We can obtain a Boolean array for this condition easily, as we've already seen:

In [29]:
x < 5

array([[ True,  True,  True],
       [ True,  True, False]])

Now to *select* these values from the array, we can simply index on this Boolean array; this is known as a *masking* operation:

In [30]:
x[x < 5]

array([0, 1, 2, 3, 4])

What is returned is a one-dimensional array filled with all the values that meet this condition; in other words, all the values in positions at which the mask array is ``True``.

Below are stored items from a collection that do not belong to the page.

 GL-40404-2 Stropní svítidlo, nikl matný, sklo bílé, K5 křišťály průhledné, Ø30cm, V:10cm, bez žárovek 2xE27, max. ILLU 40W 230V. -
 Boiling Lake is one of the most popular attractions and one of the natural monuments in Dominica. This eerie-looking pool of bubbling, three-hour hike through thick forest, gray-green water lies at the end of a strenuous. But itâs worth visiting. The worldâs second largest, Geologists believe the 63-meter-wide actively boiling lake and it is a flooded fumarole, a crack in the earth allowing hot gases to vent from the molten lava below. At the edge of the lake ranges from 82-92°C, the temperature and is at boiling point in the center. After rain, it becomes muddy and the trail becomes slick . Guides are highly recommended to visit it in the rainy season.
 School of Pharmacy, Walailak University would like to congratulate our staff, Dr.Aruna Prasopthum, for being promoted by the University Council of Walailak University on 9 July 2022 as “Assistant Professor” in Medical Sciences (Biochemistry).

We are then free to operate on these values as we wish.
For example, we can compute some relevant statistics on our rain data:

In [31]:
# construct a mask of all rainy days
rainrate = data[:,1]
rainy = (rainrate > 0)

print("Median precip on rainy days:   ",
      np.median(rainrate[rainy]))


Median precip on rainy days:    17.7292


By combining Boolean operations, masking operations, and aggregates, we can very quickly answer these sorts of questions for our dataset.

# Fancy Indexing

In the previous sections, we saw how to access and modify portions of arrays using simple indices (e.g., ``arr[0]``), slices (e.g., ``arr[:5]``), and Boolean masks (e.g., ``arr[arr > 0]``).
In this section, we'll look at another style of array indexing, known as *fancy indexing*.
Fancy indexing is like the simple indexing we've already seen, but we pass arrays of indices in place of single scalars.
This allows us to very quickly access and modify complicated subsets of an array's values.

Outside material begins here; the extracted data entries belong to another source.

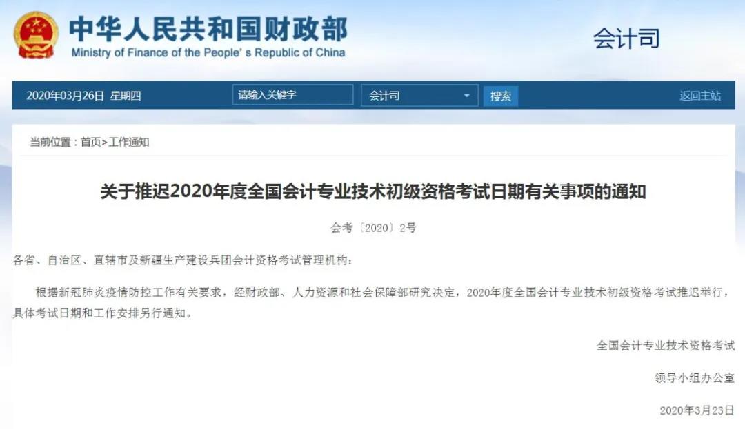 近日,财政部、人社部发布消息,2020年度全国会计专业技术初级资格考试推迟举行,具体考试日期和工作安排另行通知。
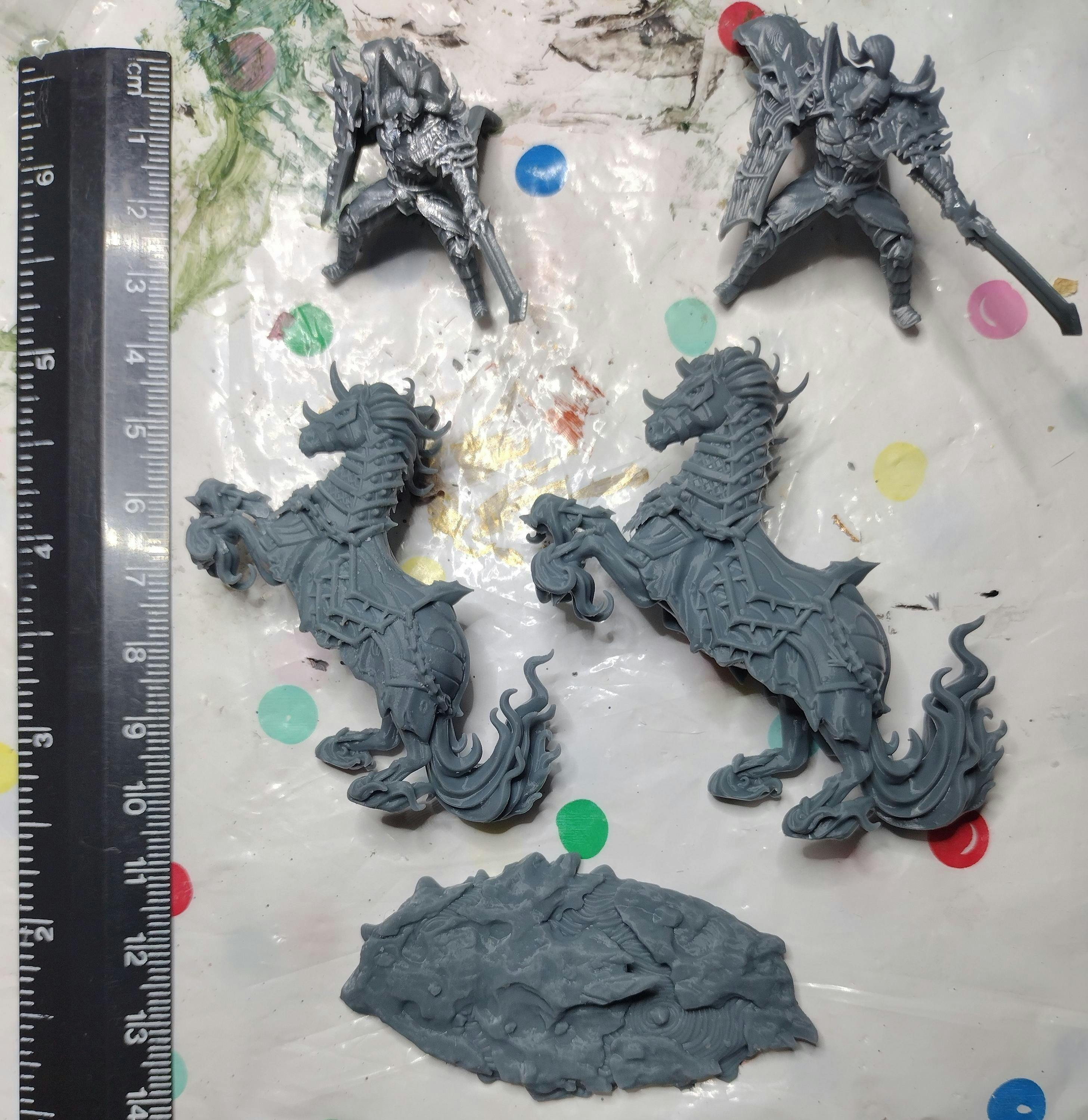 You are purchasing a single unpainted resin miniature of a Oath of Conquest Paladin on Nightmare, Chaos Hell Knight.
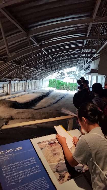 語り部さんのお話を聞いた後,今も保存してある野島断層を見学しました。地震で地面が大きく動いたことを知り、大変驚いた様子でした。実際の地震の揺れも体験しました。自然の恵みの素晴らしさだけでなく,自然のおそろしさも感じることができた,貴重な学習でした。
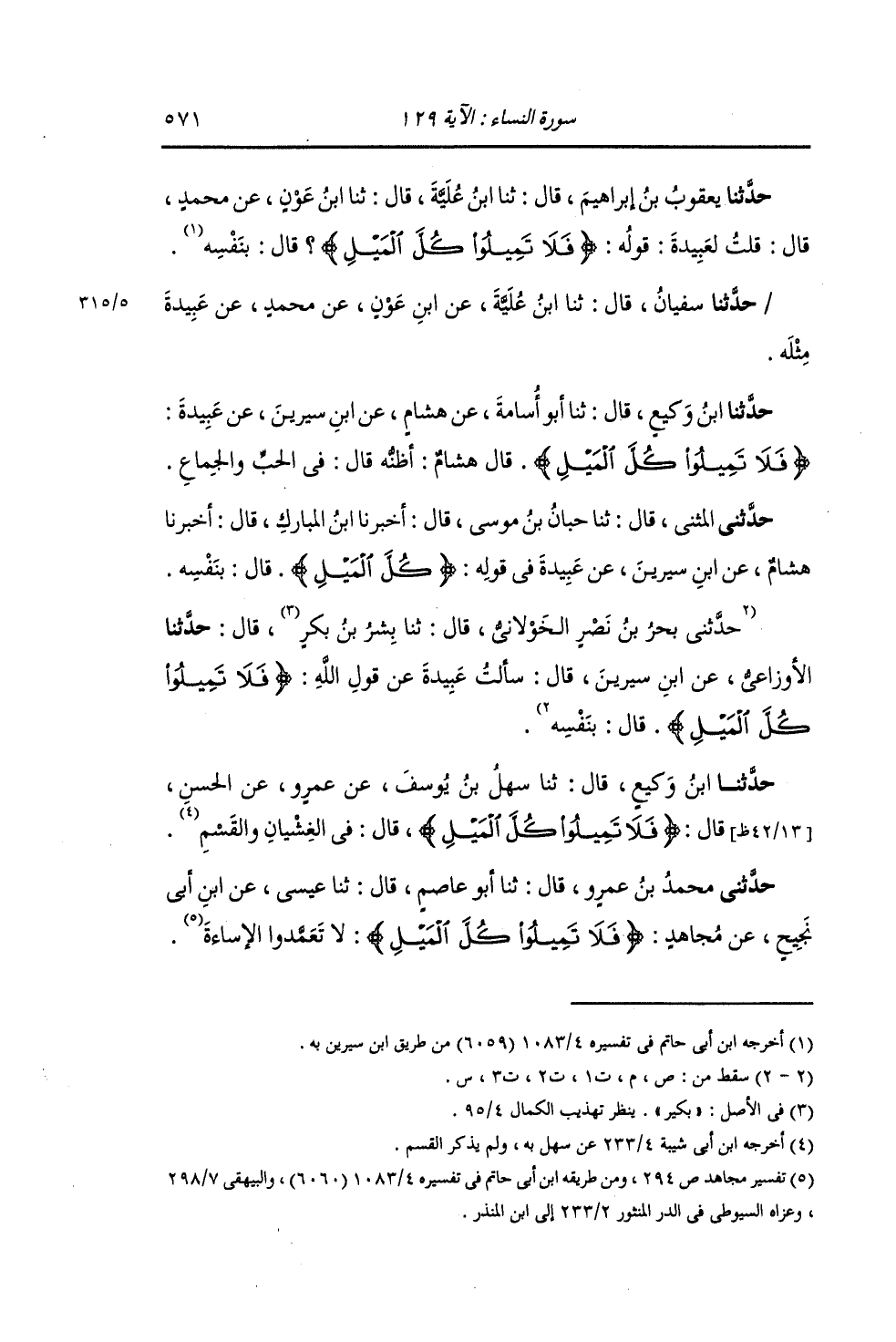 حَدَّثَنَا يَعْقُوبُ بْنُ إِبْرَاهِيمَ , قَالَ: ثنا ابْنُ عُلَيَّةَ , قَالَ: ثنا ابْنُ عَوْنٍ , عَنْ مُحَمَّدٍ , قَالَ: قُلْتُ لِعَبِيدَةَ: {§فَلَا تَمِيلُوا كُلَّ الْمَيْلِ} [النساء: 129] قَالَ: «بِنَفْسِهِ» حَدَّثَنَا سُفْيَانُ , قَالَ: ثنا ابْنُ عُلَيَّةَ , عَنِ ابْنِ عَوْنٍ , عَنْ مُحَمَّدٍ , عَنْ عُبَيْدَةَ , مِثْلَهُ
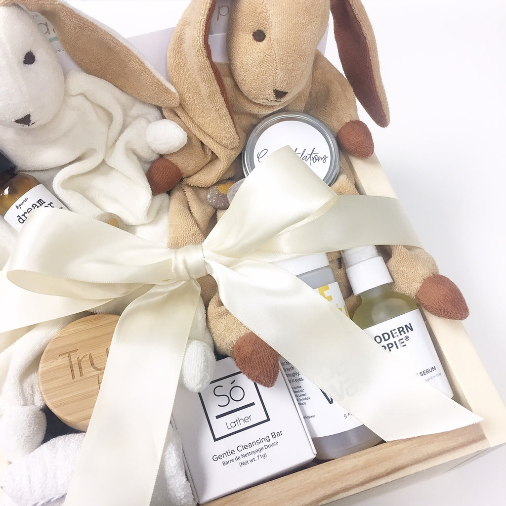 This crate is ideal to give to expectant/new parents as a group shower gift. We can even include something for the proud big brother or sister.
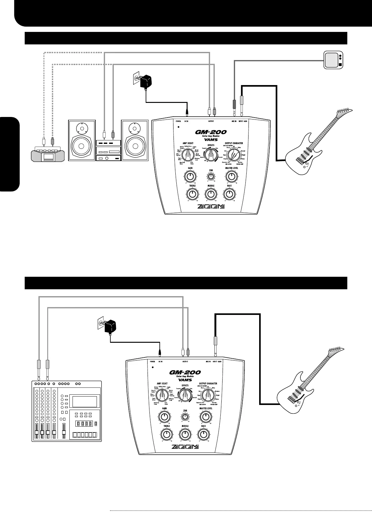 player or similar. Use two audio cables with RCA type plugs to connect the OUTPUT L/R jacks of the GM-200 to

## Exploring Fancy Indexing

Fancy indexing is conceptually simple: it means passing an array of indices to access multiple array elements at once.
For example, consider the following array:

In [32]:
import numpy as np
rand = np.random.RandomState(42)

x = rand.randint(100, size=10)
print(x)

[51 92 14 71 60 20 82 86 74 74]


Suppose we want to access three different elements. We could do it like this:

In [33]:
[x[3], x[7], x[2]]

[71, 86, 14]

Alternatively, we can pass a single list or array of indices to obtain the same result:

In [34]:
ind = [3, 7, 4]
x[ind]

array([71, 86, 60])

When using fancy indexing, the shape of the result reflects the shape of the *index arrays* rather than the shape of the *array being indexed*:

In [35]:
ind = np.array([[3, 7],
                [4, 5]])
x[ind]

array([[71, 86],
       [60, 20]])

Fancy indexing also works in multiple dimensions. Consider the following array:

In [36]:
X = np.arange(12).reshape((3, 4))
X

array([[ 0,  1,  2,  3],
       [ 4,  5,  6,  7],
       [ 8,  9, 10, 11]])

Like with standard indexing, the first index refers to the row, and the second to the column:

In [37]:
row = np.array([0, 1, 2])
col = np.array([2, 1, 3])
X[row, col]

array([ 2,  5, 11])

Notice that the first value in the result is ``X[0, 2]``, the second is ``X[1, 1]``, and the third is ``X[2, 3]``.
The pairing of indices in fancy indexing follows all the broadcasting rules that were mentioned before in broadcasting.
So, for example, if we combine a column vector and a row vector within the indices, we get a two-dimensional result:

In [38]:
X[row[:, np.newaxis], col]

array([[ 2,  1,  3],
       [ 6,  5,  7],
       [10,  9, 11]])

It is always important to remember with fancy indexing that the return value reflects the *broadcasted shape of the indices*, rather than the shape of the array being indexed.

## Combined Indexing

For even more powerful operations, fancy indexing can be combined with the other indexing schemes we've seen:

In [39]:
print(X)

[[ 0  1  2  3]
 [ 4  5  6  7]
 [ 8  9 10 11]]


We can combine fancy and simple indices:

In [40]:
X[2, [2, 0, 1]]

array([10,  8,  9])

We can also combine fancy indexing with slicing:

In [41]:
X[1:, [2, 0, 1]]

array([[ 6,  4,  5],
       [10,  8,  9]])

And we can combine fancy indexing with masking:

In [42]:
mask = np.array([1, 0, 1, 0], dtype=bool)
X[row[:, np.newaxis], mask]

array([[ 0,  2],
       [ 4,  6],
       [ 8, 10]])

All of these indexing options combined lead to a very flexible set of operations for accessing and modifying array values.